Easy21 환경 코드 (easy21_env.py)

import numpy as np
import random

class Easy21Env:
    def __init__(self):
        self.reset()

    def draw_card(self):
        value = np.random.randint(1, 11)
        color = 'black' if np.random.rand() < (2/3) else 'red'
        return value if color == 'black' else -value

    def reset(self):
        self.dealer = np.random.randint(1, 11)
        self.player = np.random.randint(1, 11)
        return (self.dealer, self.player)

    def step(self, state, action):
        dealer, player = state

        if action == 'hit':
            player += self.draw_card()
            if player < 1 or player > 21:
                return (None, -1, True)  # bust
            return ((dealer, player), 0, False)

        # Stick: dealer plays
        while dealer < 17:
            dealer += self.draw_card()
            if dealer < 1 or dealer > 21:
                return (None, 1, True)

        # Compare scores
        if player > dealer:
            return (None, 1, True)
        elif player < dealer:
            return (None, -1, True)
        else:
            return (None, 0, True)

Monte Carlo Control 구현 (monte_carlo_control.py)

from collections import defaultdict
import numpy as np
import random

class MonteCarloControl:
    def __init__(self, env, N0=100):
        self.env = env
        self.N0 = N0
        self.Q = defaultdict(lambda: {'hit': 0.0, 'stick': 0.0})
        self.N = defaultdict(lambda: {'hit': 0, 'stick': 0})

    def epsilon(self, state):
        total_N = sum(self.N[state].values())
        return self.N0 / (self.N0 + total_N)

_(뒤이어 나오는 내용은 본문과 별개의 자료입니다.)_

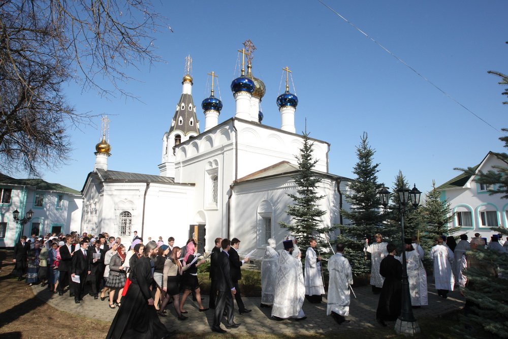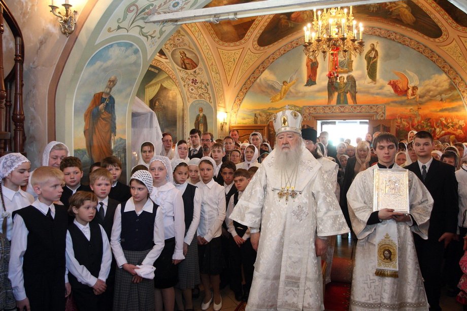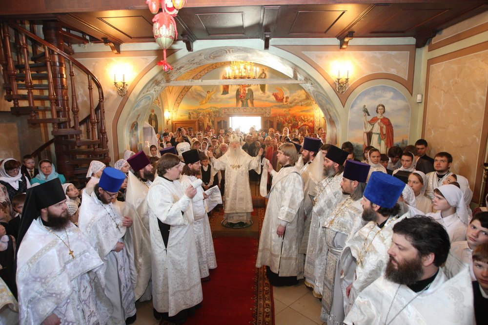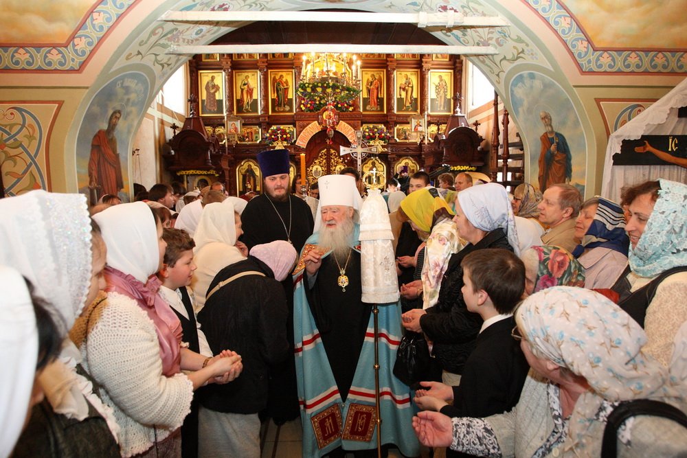 «Дорогой отец Нестор, дорогой отец Игорь, отцы благочинные, всечестные отцы, уважаемы руководители Одинцовской земли, возлюбленные и дорогие братья и сестры! Христос Воскресе! Всегда, когда посещаешь приходы нашей епархии, хочется ближе знакомиться с жизнью прихожан и этой местности. Ваш святой древний храм, на который столько выпало испытаний, 200 лет назад был разграблен войсками Наполеона, которые пришли к нам как завоеватели, а в ХХ веке церковь пострадала от своих соотечественников-атеистов и храм был закрыт. 20 лет назад здесь началась церковная жизнь. Я не видел, в каком состоянии был этот храм 20 лет назад, но вижу всюду вашу жертвенность, вашу любовь в созидании и восстановлении его. Когда возвращались к нам разрушенные святыни, я призывал внуков и сыновей за грех богохульства отцов и дедов жертвенно восстанавливать порушенные святыни. Одно духовенство не смогло бы с этим справиться. Но я верю, что Бог влагал желание в сердца людей, которые услышали мой призыв и исполнили свой долг. Сегодня после ваших многочисленных усердных трудов мы совершили великое освящение этого храма. Я очень счастлив, что здесь сегодня присутствовала молодость нашей Церкви. Когда то, в дни моей юности приходилось слышать, что Русская Православная Церковь — это Церковь бабушек, а когда умрут эти бабушки, Церковь умрёт. Те, кто так говорили, не верили в обетование Христово, Который сказал: „Я созижду Церковь Мою и врата ада не одолеют её“ (Мф. 16:18). Мы знаем, сколько врата ада разрушали Церковь, убивали священнослужителей и монашествующих. Но вера, которую принес на землю Христос, неистребима в нашем народе. Мы празднуем сейчас Пасху Господню, и в течение сорока дней поём пасхальные гимны в воспоминание того, что до Вознесения на небо Христос по Воскресении Своём из мертвых сорок дней являлся ученикам Своим, верующим и народу, уча их о Царствии Божием. И мы тоже в эти дни вспоминаем то Божественное учение, которое принёс на землю Христос Спаситель. Сегодняшним днем завершается неделя, когда мы воспоминаем, как Христос явился апостолу Фоме вместе с другими учениками. До этого апостол Фома не мог поверить, что его Божественный Учитель воскрес. Когда ему рассказывали, что видели Господа, он отвечал, что до тех пор, пока сам не прикоснется к Его ранам, не поверит. Он, конечно, хотел этому поверить, но был потрясён и угнетён картиной Распятия Христова. И он жил в течение нескольких дней в страданиях ожидания встречи со Христом. В ответ на этот духовный поиск Господь явился ему и сказал: „Вложи руки свои в язвы Мои и не будь неверен, но верен“ (Ин. 20:27). А тот воскликнул: „Господь мой и Бог мой“ (Ин. 20:28). И услышал в ответ: „Ты поверил, потому что увидел, но блаженны невидящие и верующие“ (Ин. 20:29). Это сказано, возлюбленные, о нас с вами, которым от времен апостолов, из поколения в поколение передано и дошло до нас, что Христос воистину Воскрес. С такой радостью, с таким воодушевлением, с такой верой мы отвечаем друг другу, когда приветствуем: „Христос Воскресе! Воистину Воскресе!“ Радость объемлет наши сердца. Эта радость не земная, эта радость духовная. Эта радость, которую не может мир дать. Эта радость, которую не может никто отнять. Я очень счастлив, что вижу вас сегодня в этом святом храме. Благодарю Бога за вас и ваших детей, что вера Христова наполняет ваши сердца. В
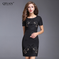 Kruidvat2017春夏新款改良旗袍裙圆领拉链短袖复古重工绣花镂空连衣裙B058
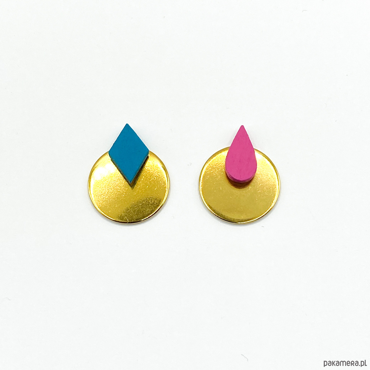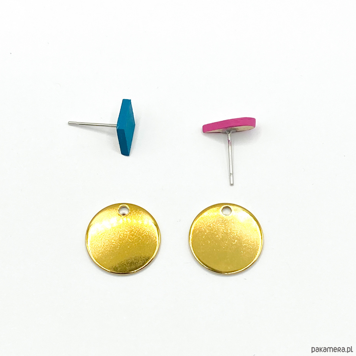 Malutkie drewniane kolczyki w zestawie ze stalowymi blaszkami w odcieniu złota.
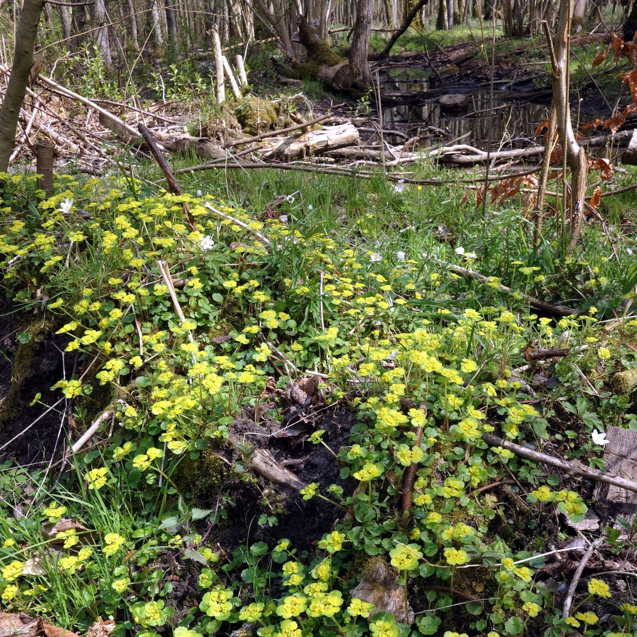 Chrysosplenium alternifolium am Naturstandort in einem Bachauwald zusammen mit Anemone nemorosa
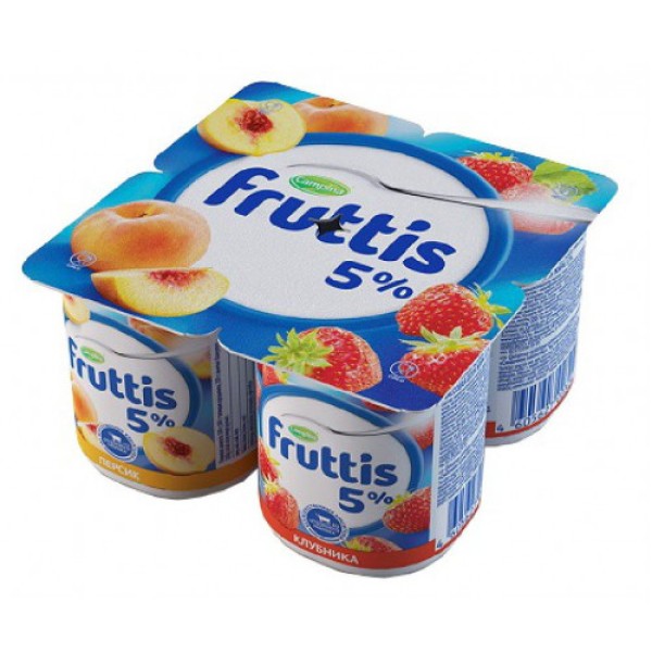 Продукт йогуртовый FRUTTIS 5%, 115 г с нежным фруктово-ягодным вкусом персика и клубники порадует взрослых и маленьких любителей сливочного лакомства. Он изготовлен на основе натурального коровьего молока и содержит аппетитные кусочки фруктов. Йогуртовый продукт с густой нежной текстурой и сладким фруктово-сливочным вкусом станет удачным вариантом для легкого питательного завтрака или полдника, подойдет для быстрого и полезного перекуса в течение дня. Он расфасофан в герметичные пластиковые стаканчики с фольгированной крышкой, которая легко открывается вручную. Порции объемом 115 грамм хватит, чтобы утолить голод, пополнить запас жизненных сил и энергии. Продукт изготовлен по методу пастеризации. Его не обязательно хранить в холодильнике, поэтому полезное лакомство удобно брать с собой, отправляясь в офис, на учебу или в продолжительную поездку.Приобрести продукт йогуртовый FRUTTIS 5%, 115 г можно в Москве в торговом центре METRO.Состав: Клубника — молоко нормализованное, вода, наполнитель (клубника, сахар, вода, загуститель — дикрахмалфосфат оксипропилированный, ароматизатор, красители: антоцианы, кармины; регуляторы кислотности: лимонная кислота, цитраты натрия; загуститель — пектины), сахар, глюкозно-фруктозный сироп, загуститель – дикрахмаладипат ацетилированный, сыворотка сухая молочная, пищевой желатин, лактоза, с использованием закваски. Персик — молоко нормализованное, вода, наполнитель (персик, сахар, вода, загуститель – дикрахмалфосфат оксипропилированный, ароматизатор, красители: каротины, экстракт паприки, регуляторы кислотности: цитраты натрия, лимонная кислота), сахар, глюкозно-фруктозный сироп, загуститель – дикрахмаладипат ацетилированный, сыворотка сухая молочная, пищевой желатин, лактоза, с использованием закваски.Тип молока: коровье.Добавки: фрукты, ягоды.Энергетическая ценность: 120 ккал.Пищевая ценность: белки 2,2 г, жиры 5 г, углеводы 16 г.Условия хранения: хранить при температуре от +2°C до +25°C. После вскрытия упаковки хранить в холодильнике.Срок хранения: 5 месяцев.Упаковка: пластиковый стаканчик.Бренд: Fruttis.Производитель: ООО «Кампина». Страна-производитель: Россия.ТУ 9222-033-18255315-14
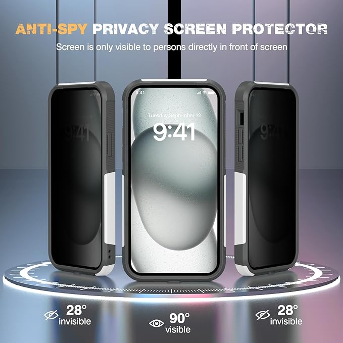 - 【4-in-1 360°Full Protection】 Case for iPhone 15 Plus with 9H Privacy Tempered Glass Screen Protector can protect your phone screen from scratch and broken. 2-Layer structure (the flexible rubber inner cover and hard PC back cover) provides 360 degree full body rugged protection.
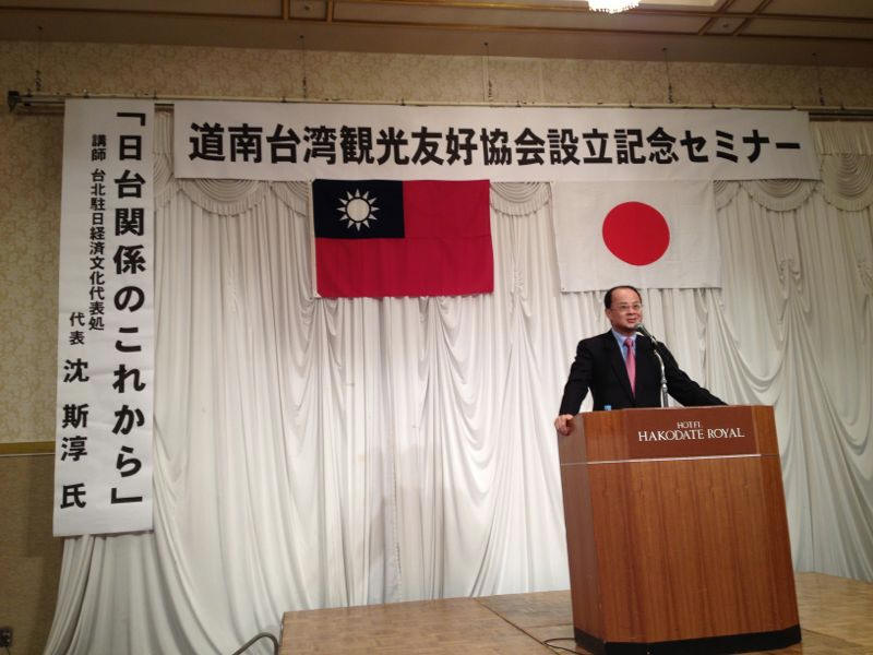 北海道・道南2市1町の5つの経済団体でつくる「道南台湾観光友好協会」(会長・石尾清広函館商工会議所副会頭)の設立記念セミナーが12月20日、函館市内のホテルで開催され、台北駐日経済文化代表処の沈斯淳代表が「日台関係のこれから」と題して講演を行った。約180人が参加した。

    def generate_episode(self):
        episode = []
        state = self.env.reset()
        done = False
        while not done:
            eps = self.epsilon(state)
            if random.random() < eps:
                action = random.choice(['hit', 'stick'])
            else:
                action = max(self.Q[state], key=self.Q[state].get)

            next_state, reward, done = self.env.step(state, action)
            episode.append((state, action, reward))
            state = next_state
        return episode

    def train(self, num_episodes=100000):
        for _ in range(num_episodes):
            episode = self.generate_episode()
            G = episode[-1][2]  # final reward
            visited = set()
            for state, action, _ in episode:
                if (state, action) not in visited:
                    self.N[state][action] += 1
                    alpha = 1 / self.N[state][action]
                    self.Q[state][action] += alpha * (G - self.Q[state][action])
                    visited.add((state, action))

Value Function 시각화 (plot_utils.py)

import matplotlib.pyplot as plt
from mpl_toolkits.mplot3d import Axes3D
import numpy as np

def plot_value_function(Q):
    Z = np.zeros((10, 21))  # dealer 1~10, player 1~21
    for dealer in range(1, 11):
        for player in range(1, 22):
            state = (dealer, player)
            if state in Q:
                Z[dealer-1][player-1] = max(Q[state]['hit'], Q[state]['stick'])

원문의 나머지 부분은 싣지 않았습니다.